The understanding of migraine has moved well beyond its traditional characterization as a "vascular headache." In considering the basic neurobiology of migraine, it is important to begin with the concept of migraine as not merely a headache, but rather a heterogeneous array of episodic symptoms. Among the array of phenomena experienced by migraine patients are visual disturbances, nausea, cognitive dysfunction, fatigue, and sensitivity to light, sound, smell, and touch. These symptoms may occur independently or in any combination, and in some patients occur even in the absence of headache. The diversity and variability of symptoms experienced by migraine patients belies a complex neurobiology, involving multiple cellular, neurochemical, and neurophysiological processes occurring at multiple neuroanatomical sites. Migraine is a multifaceted neurobiological phenomenon that involves activation of diverse neurochemical and cellular signaling pathways in multiple regions of the brain. Propagated waves of cellular activity in the cortex, possibly involving distinct glial and vascular signaling mechanisms, can occur along with activation of brainstem centers and nociceptive pathways. Whether different brain regions become involved in a linear sequence, or as parallel processes, is uncertain. The modulation of brain signaling by genetic factors, and by sex and sex hormones, provides important clues regarding the fundamental mechanisms by which migraine is initiated and sustained. Each of these mechanisms may represent distinct therapeutic targets for this complex and commonly disabling disorder.

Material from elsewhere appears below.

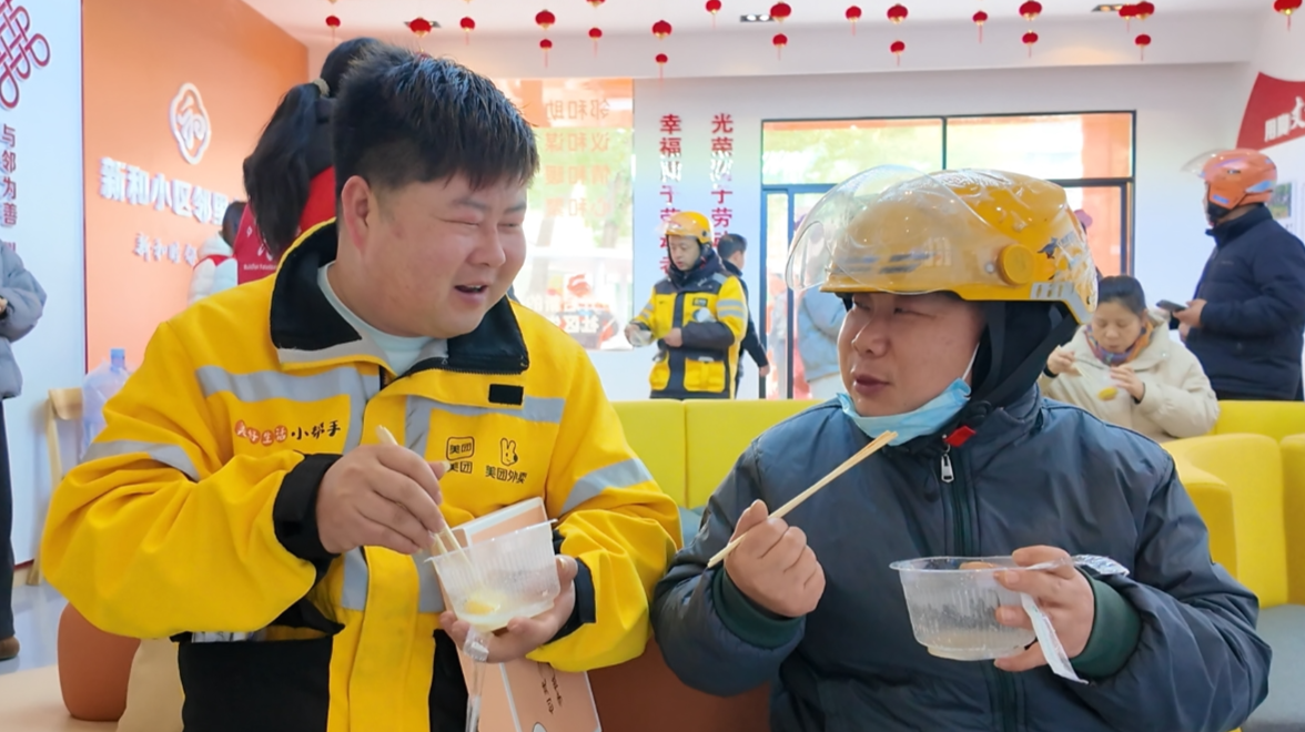 外卖骑手周吉说:“平时都是我给别人送餐,今天能坐下来吃碗社区送的甜汤圆,心里特别暖。这碗汤圆吃在嘴里,甜在心里。”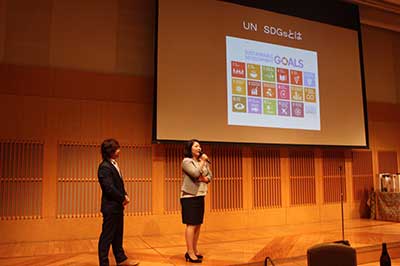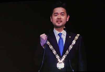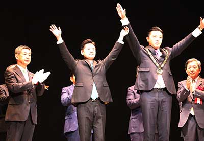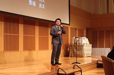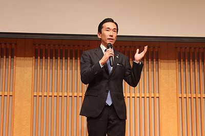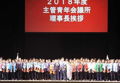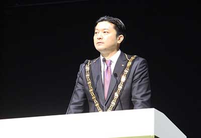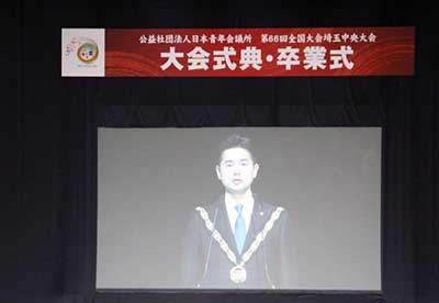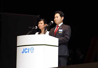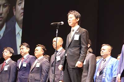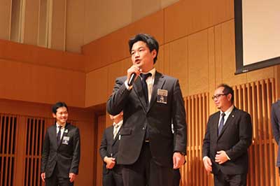 「式典の部」では(公社)日本青年会議所 青木照護会頭から、次年度会頭予定者 池田祥護君へプレジデンシャルリースの伝達が行われ、本年度の運動総括及び2018年度への抱負が語られました。

Copyright © 2011 Elsevier B.V. All rights reserved.

Figures

Fig. 7.1

Cortical spreading depression (CSD) and astrocyte calcium waves. (A) Optical imaging of the cortical surface in a mouse. Far left panel shows image of mouse cortex visualized through the thinned skull of an anesthetized mouse (a recording electrode is seen in the upper right of the field; image scale = 1200 × 1200 μm). Subsequent images show change in reflectance of this area of cortex over time associated with a CSD wave. A change in optical signal of the parenchyma spreads slowly across the cortex. Dilation (darkening) of surface arteries propagates ahead of the CSD wavefront, followed by constriction of these vessels accompanying the CSD wave. (B) Astrocyte calcium wave. Images show fluorescence of the calcium indicator fluo-4 with an inverse gray scale (darker gray indicates higher intracellular calcium; image scale = 400 × 400 μm). Mechanical stimulation of a single cell with a micropipette evokes a wave of increased calcium concentration that spreads from cell to cell over as many as hundreds of cells. The temporal and spatial characteristics of this wave are remarkably similar to those of CSD.

Fig. 7.2

Schematic of hypothesized sequence of events in migraine. Each step in the sequence may have discrete thresholds, and involve distinct molecular, cellular, and neurochemical pathways. This complexity may underlie the heterogeneous and variable clinical presentation of migraine. BBB, blood–brain barrier.